Una terapia CAR-T ha indotto la remissione completa e duratura di tre gravi malattie autoimmuni in una paziente, aprendo nuove prospettive terapeutiche: è il risultato di un caso clinico guidato da Fabian Muller dell'University Hospital di Erlangen (Germania), pubblicato sulla rivista Med. Dopo oltre dieci anni di malattia e numerosi trattamenti inefficaci, la paziente è rimasta libera da terapia per un anno, con normalizzazione dei parametri ematici e significativo miglioramento della qualità di vita. Il caso riguarda una donna di 47 anni affetta da anemia emolitica autoimmune, trombocitopenia immune e sindrome da anticorpi antifosfolipidi, tre patologie caratterizzate da una disfunzione del sistema immunitario.

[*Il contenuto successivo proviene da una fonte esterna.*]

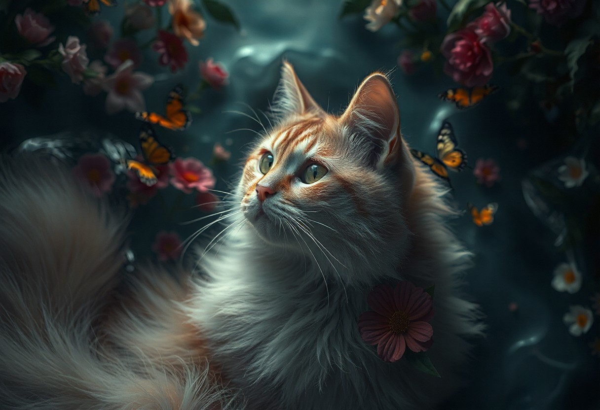 masterpiece, best quality, amazing quality, very aesthetic, absurdres, highres, newest, HDR, 8K, high detail, smooth shading, glossy surfaces, subtle, high contrast, dak depth, cat, sacred, mysterious, dreamlike, fantastic, moonlight, Grimoire, flowers, colorful flowers and colorful butterflies, flower effects, diagonal angle, from above, dutch angle, beautiful atmosphere, muted colors, cinematic composition, natural lighting, water color,
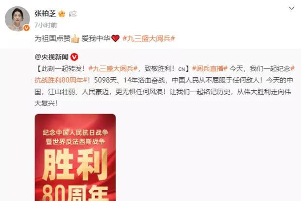 张柏芝在外网发了今天九三盛大阅兵现场的照片,并配文称:“为祖国点赞!”不少网友也纷纷为她点赞:“爱国的艺人永远不会差”,“好样的,点赞”!#张柏芝生图# #张柏芝# #张柏芝合唱# #张柏芝旧照#
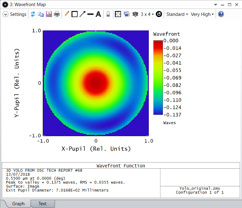 原始文件和 Zernike 等效文件都在附件中。如果添加更多波長(zhǎng),您將看到兩個(gè)文件在任何波長(zhǎng)下都給出相同的結(jié)果。然而,詳細(xì)的透射和其他偏振數(shù)據(jù)將不等效,因?yàn)閆ernike文件對(duì)原始文件中使用的涂層一無(wú)所知,并且仍然沒(méi)有辦法預(yù)測(cè)望遠(yuǎn)鏡的行為將如何隨場(chǎng)變化:仍然需要一組每個(gè)場(chǎng)的Zernike系數(shù)。
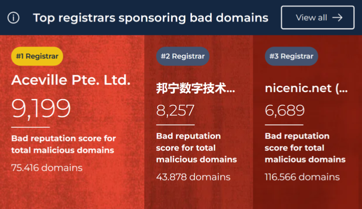 Doch nicht nur die Registries, auch die Domain-Registrare bekommen ihr Fett weg. Laut Spamhaus ist der US-Registrar Namecheap am beliebtesten bei Cyberkriminellen, und das schon traditionell:
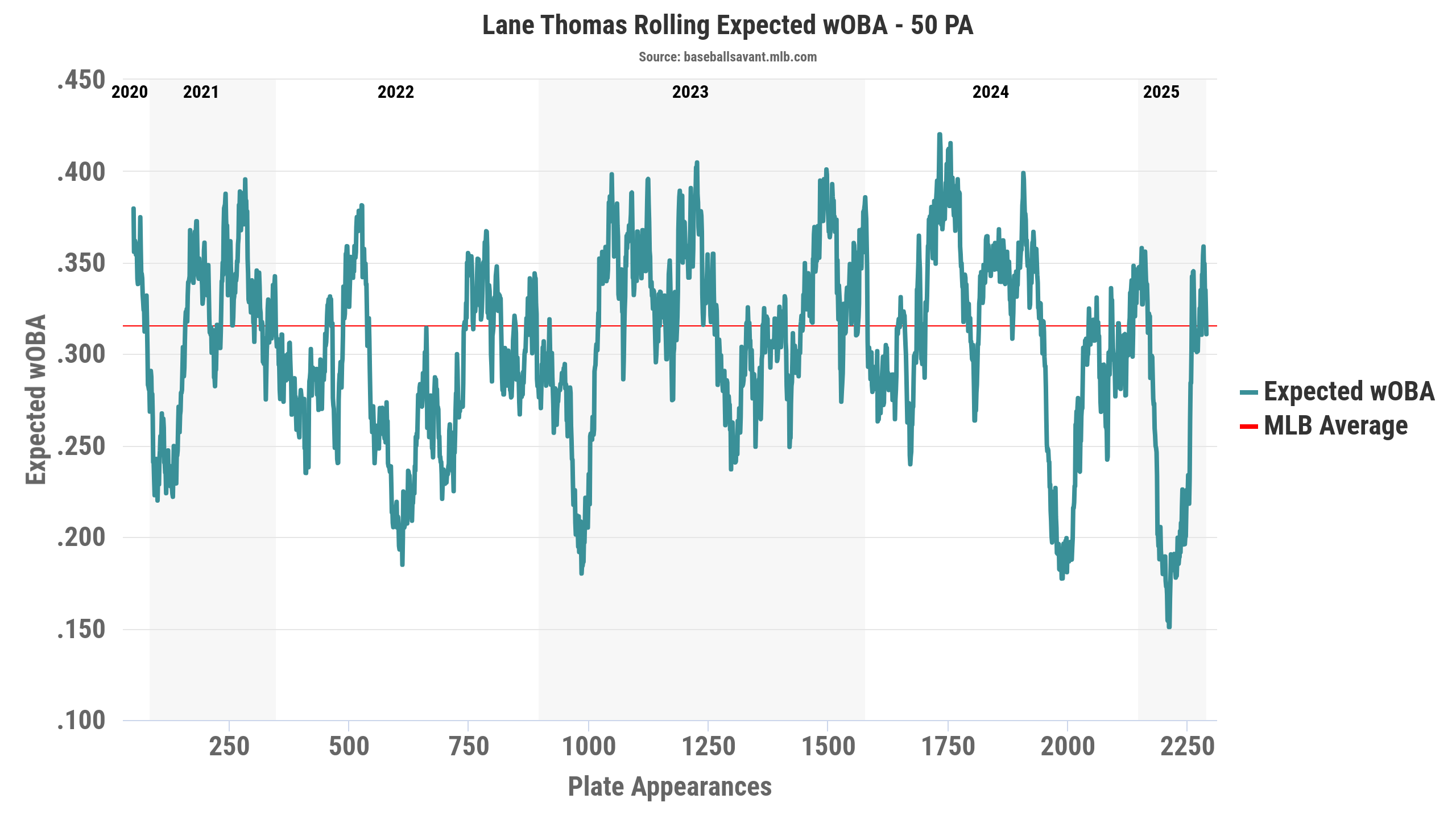 Based on his xwOBA trend over his career, Thomas has shown an ability to bounce back after down seasons, with 2021 and 2023 being prime examples. The Royals are banking on Thomas having one of his patented rebounds in Kansas City, with the hope that he is fully healthy to do so.
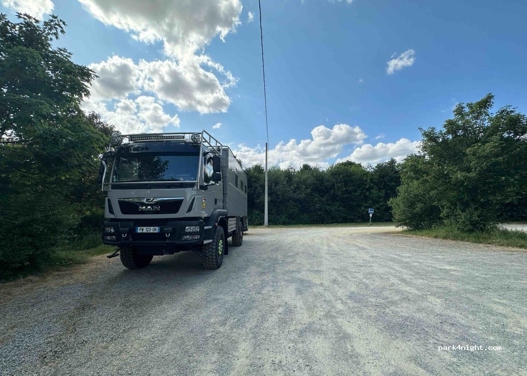 Grand parking au calme. la route à proximité est très passante, mais aucun bruit la nuit. il y a de la place, c’est très propre. il manque des poubelles et des WC.

Dall’oncologia al trattamento delle mattie autoimmuni
Nonostante nove linee di trattamento, tra cui anticorpi, steroidi e farmaci immunosoppressori, la paziente continuava a necessitare trasfusioni quotidiane e terapia anticoagulante permanente. Il team ha quindi applicato la terapia CAR-T, una strategia basata sulla modifica genetica delle cellule T del paziente per riconoscere e distruggere cellule bersaglio, già utilizzata in oncologia. In questo caso, le cellule sono state ingegnerizzate per colpire la proteina CD19 presente sulle cellule B, responsabili della produzione di anticorpi.